Only the records, exactly as written, belong in the answer; pictures do not.

Saved entries:
▶
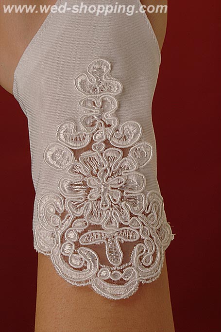 Satijnen vingerloze handschoenen met Kant Gemaakt van glanzend elastisch satijn Kleur: wit en ivoor (ecru, ivory, avorio) Hoge kwaliteit. Gemaakt in de EU. Vraag om een snellere levering.
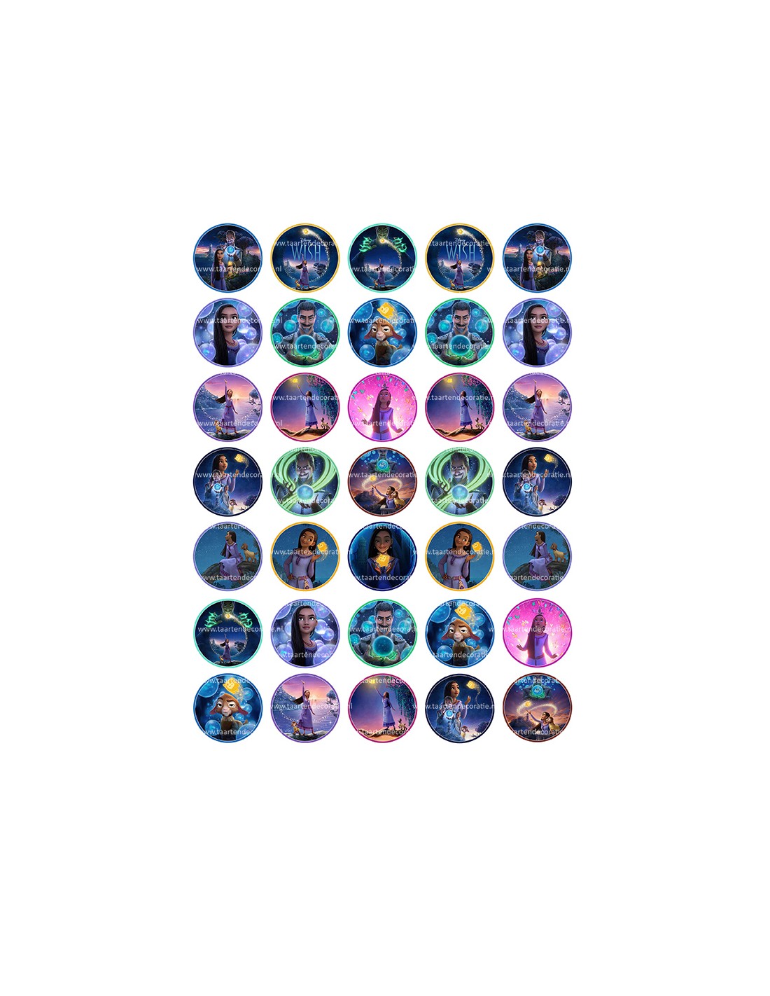 35 afbeeldingen van Wish op een cupcakeformaat van 3,5cm doorsnede.
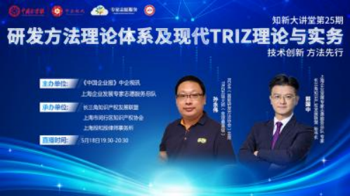 5月18日,中企視訊《知新大講堂》第25期節(jié)目線上開播。RDMI(國際研發(fā)方法協(xié)會)主席、TRIZ五級大師(全球最高級)、DFSS(六西格瑪設(shè)計)黑帶大師孫永偉博士做客中企視訊直播間,長三角知識產(chǎn)權(quán)發(fā)展聯(lián)盟秘書長郭國中擔(dān)任主持人,介紹了現(xiàn)代TRIZ理論體系的組成以及它在技術(shù)創(chuàng)新、新產(chǎn)品研發(fā)、專利布局、規(guī)避、挖掘等專利戰(zhàn)略、運(yùn)用創(chuàng)新大幅降本等方面的重要作用。
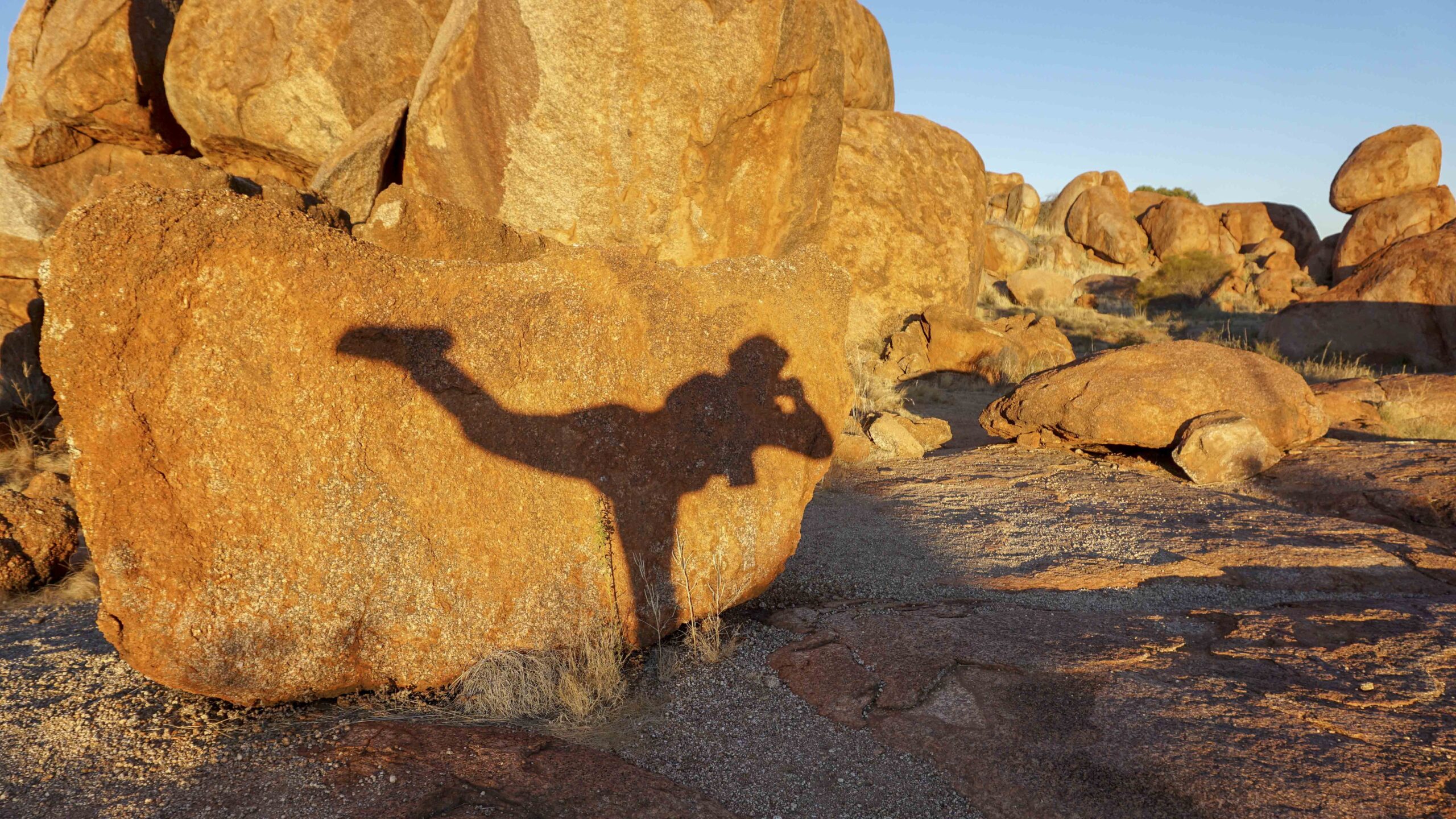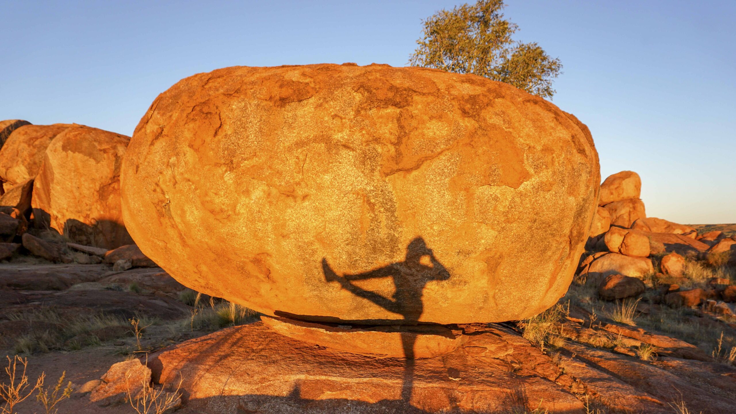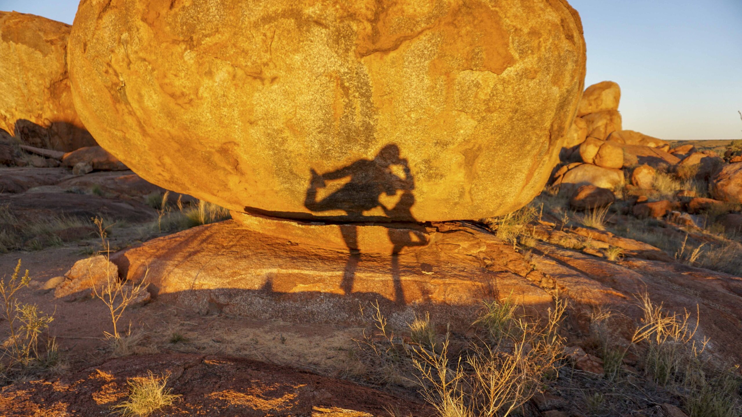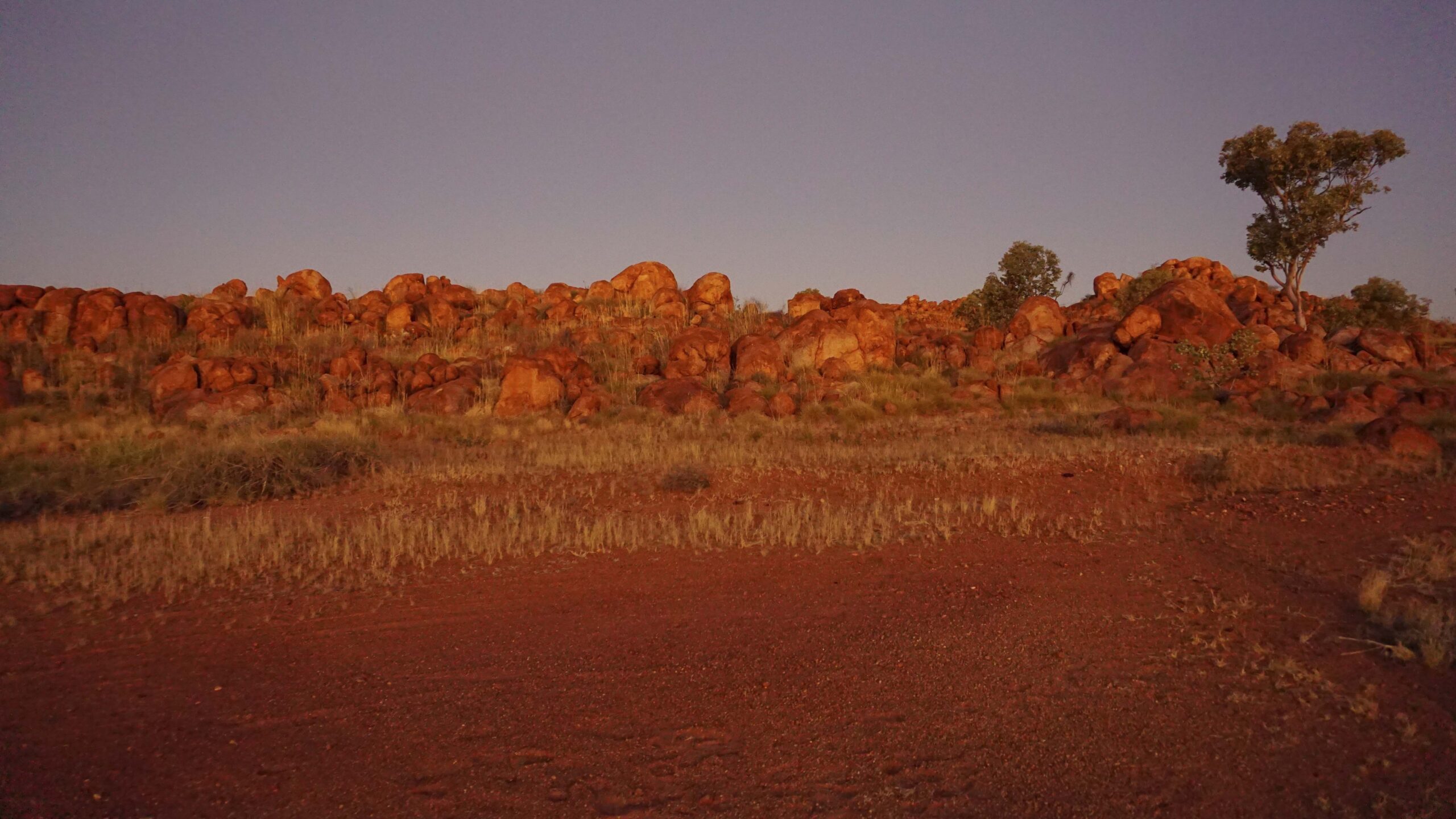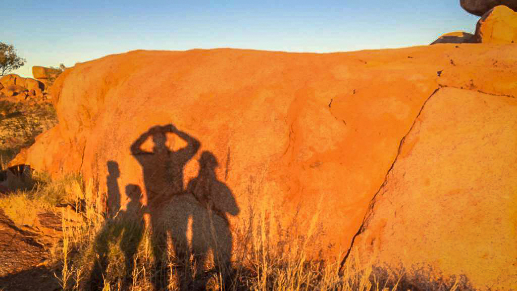 Der Sonnenuntergang bei den Devils Marbles ist wunderschön und lädt zu Schattenspielen an den riesigen Murmeln ein. Karlu Karlu ist für die Ureinwohner heilig, weshalb man NICHT auf die Felsen klettern sollte.
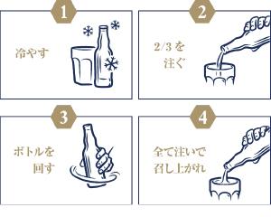 ![]() | 〜ヒューガルデンのおいしい飲み方〜 1 ヒューガルデンをしっかり冷やし、グラスを冷水ですすぐ 2 グラスを45度に傾け、グラスの上部に触らないようにしながら、ビールの2/3をゆっくりと注ぐ 3 グラスを真っ直ぐに戻し、ボトルの底の酵母を浮かせるように何度かグルグルと回してください 4 グラスを垂直に戻しながら、ボトルの残りを全てを注ぐ (※)1996年/2002年/2004年/2006年/2008に続く受賞 |
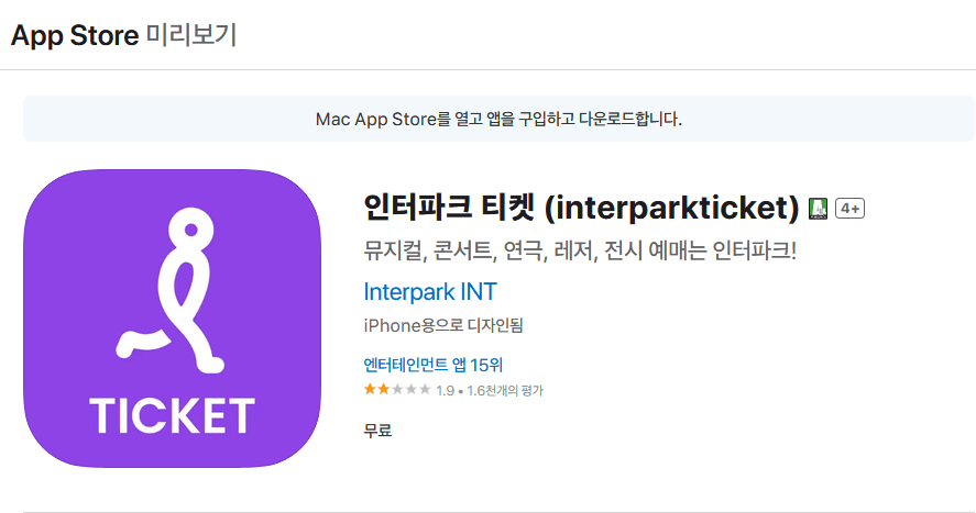 인터파크 티켓 어플 정보
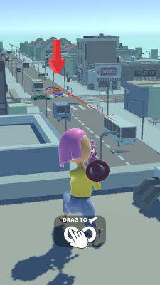 1、卡通风格场景:以鲜明亮丽的卡通画风搭建城市环境,建筑与车辆的造型可爱又生动,再配上少女角色灵动的设计,营造出轻松明快的视觉氛围,让破坏的过程更添趣味性。
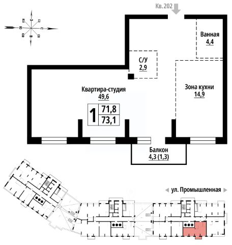 Продаётся 1-комнатная квартира в строящемся доме (Дом 10), срок сдачи: IV-кв. 2029, общей площадью 73 кв.м., на 23 этаже. Новый жилой комплекс "Родные берега" от застройщика "Жилищная Инициатива" расположен по адресу: Алтайский край, г. Барнаул, Центральный район , улица Промышленная
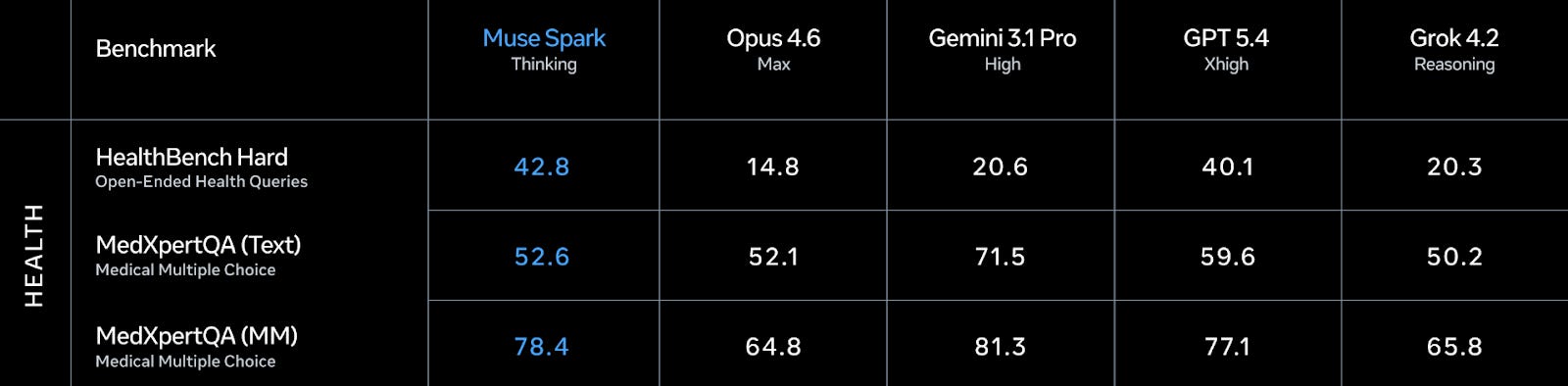 Muse Spark performs competitively in multimodal perception, reasoning, health, and agentic tasks. For healthcare, Meta collaborated with 1,000 physicians to build Muse Spark’s clinical capabilities.
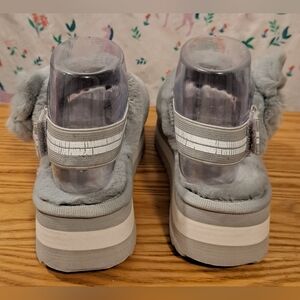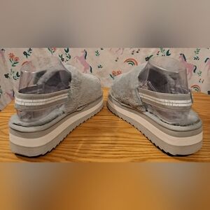 NWT Y2K Soft Grey Fuzzy Platform Comfy Preppy Peep Toe Sandal Shoe SZ 5
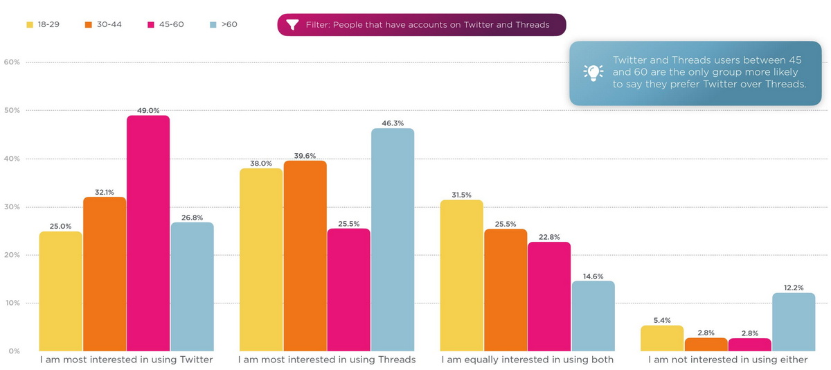Несмотря на то что больше всего новинкой заинтересовались люди в возрасте от 45 до 60 лет, почти половина из них (49,9) считает, что им приятнее пользоваться X. Вторым открытием аналитиков стало то, что самая неактивная после появления Threads группа респондентов, в возрасте старше 60 лет думает, что пользоваться Threads им интереснее чем Х. Самые молодые участники опроса (18-29 лет) оказались и самыми гибкими: 31,5% участникам этой возрастной группы интересны обе платформы.
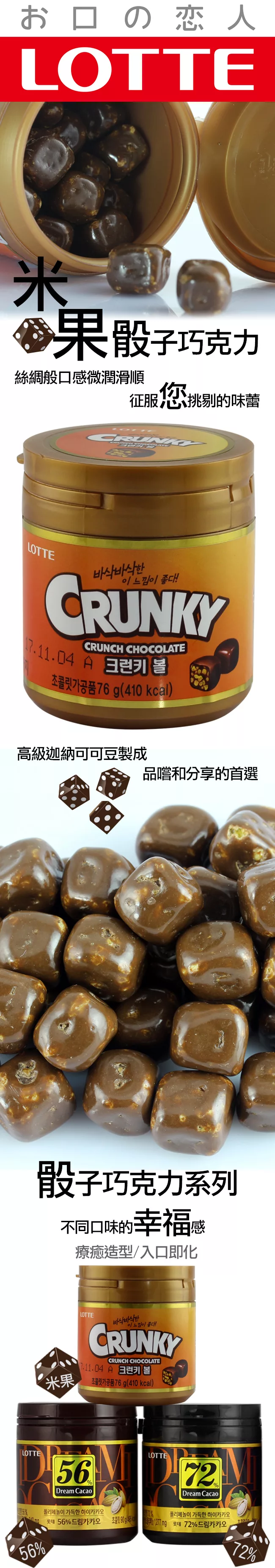 【LOTTE樂天】Dream夢幻骰子巧克力3入組-CRUNKY米果(76g-3)
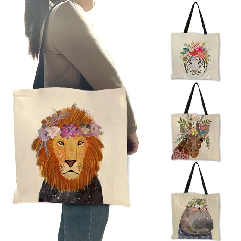 Милая цветочная гирлянда с животным принтом, женская сумка через плечо С Рисунком Тигра коалы, женская сумка-шоппер B13093
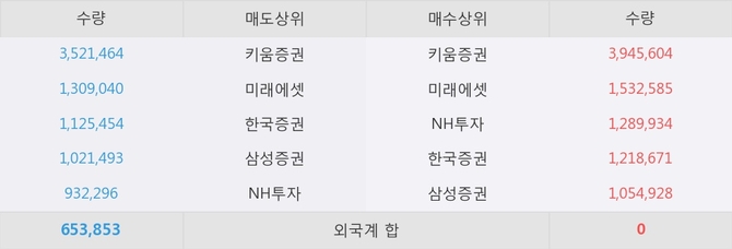 거래원 동향은 미래에셋, 삼성증권, NH투자 등이 매도 상위 목록에 나타나고 있다.
◀
= Task response =
 Satijnen vingerloze handschoenen met Kant Gemaakt van glanzend elastisch satijn Kleur: wit en ivoor (ecru, ivory, avorio) Hoge kwaliteit. Gemaakt in de EU. Vraag om een snellere levering.
 35 afbeeldingen van Wish op een cupcakeformaat van 3,5cm doorsnede.
 5月18日,中企視訊《知新大講堂》第25期節(jié)目線上開播。RDMI(國際研發(fā)方法協(xié)會)主席、TRIZ五級大師(全球最高級)、DFSS(六西格瑪設(shè)計)黑帶大師孫永偉博士做客中企視訊直播間,長三角知識產(chǎn)權(quán)發(fā)展聯(lián)盟秘書長郭國中擔(dān)任主持人,介紹了現(xiàn)代TRIZ理論體系的組成以及它在技術(shù)創(chuàng)新、新產(chǎn)品研發(fā)、專利布局、規(guī)避、挖掘等專利戰(zhàn)略、運(yùn)用創(chuàng)新大幅降本等方面的重要作用。
 Der Sonnenuntergang bei den Devils Marbles ist wunderschön und lädt zu Schattenspielen an den riesigen Murmeln ein. Karlu Karlu ist für die Ureinwohner heilig, weshalb man NICHT auf die Felsen klettern sollte.
 ![]() | 〜ヒューガルデンのおいしい飲み方〜 1 ヒューガルデンをしっかり冷やし、グラスを冷水ですすぐ 2 グラスを45度に傾け、グラスの上部に触らないようにしながら、ビールの2/3をゆっくりと注ぐ 3 グラスを真っ直ぐに戻し、ボトルの底の酵母を浮かせるように何度かグルグルと回してください 4 グラスを垂直に戻しながら、ボトルの残りを全てを注ぐ (※)1996年/2002年/2004年/2006年/2008に続く受賞 |
 인터파크 티켓 어플 정보
 1、卡通风格场景:以鲜明亮丽的卡通画风搭建城市环境,建筑与车辆的造型可爱又生动,再配上少女角色灵动的设计,营造出轻松明快的视觉氛围,让破坏的过程更添趣味性。
 Продаётся 1-комнатная квартира в строящемся доме (Дом 10), срок сдачи: IV-кв. 2029, общей площадью 73 кв.м., на 23 этаже. Новый жилой комплекс "Родные берега" от застройщика "Жилищная Инициатива" расположен по адресу: Алтайский край, г. Барнаул, Центральный район , улица Промышленная
 Muse Spark performs competitively in multimodal perception, reasoning, health, and agentic tasks. For healthcare, Meta collaborated with 1,000 physicians to build Muse Spark’s clinical capabilities.
 NWT Y2K Soft Grey Fuzzy Platform Comfy Preppy Peep Toe Sandal Shoe SZ 5
Несмотря на то что больше всего новинкой заинтересовались люди в возрасте от 45 до 60 лет, почти половина из них (49,9) считает, что им приятнее пользоваться X. Вторым открытием аналитиков стало то, что самая неактивная после появления Threads группа респондентов, в возрасте старше 60 лет думает, что пользоваться Threads им интереснее чем Х. Самые молодые участники опроса (18-29 лет) оказались и самыми гибкими: 31,5% участникам этой возрастной группы интересны обе платформы.
 【LOTTE樂天】Dream夢幻骰子巧克力3入組-CRUNKY米果(76g-3)
 Милая цветочная гирлянда с животным принтом, женская сумка через плечо С Рисунком Тигра коалы, женская сумка-шоппер B13093
 거래원 동향은 미래에셋, 삼성증권, NH투자 등이 매도 상위 목록에 나타나고 있다.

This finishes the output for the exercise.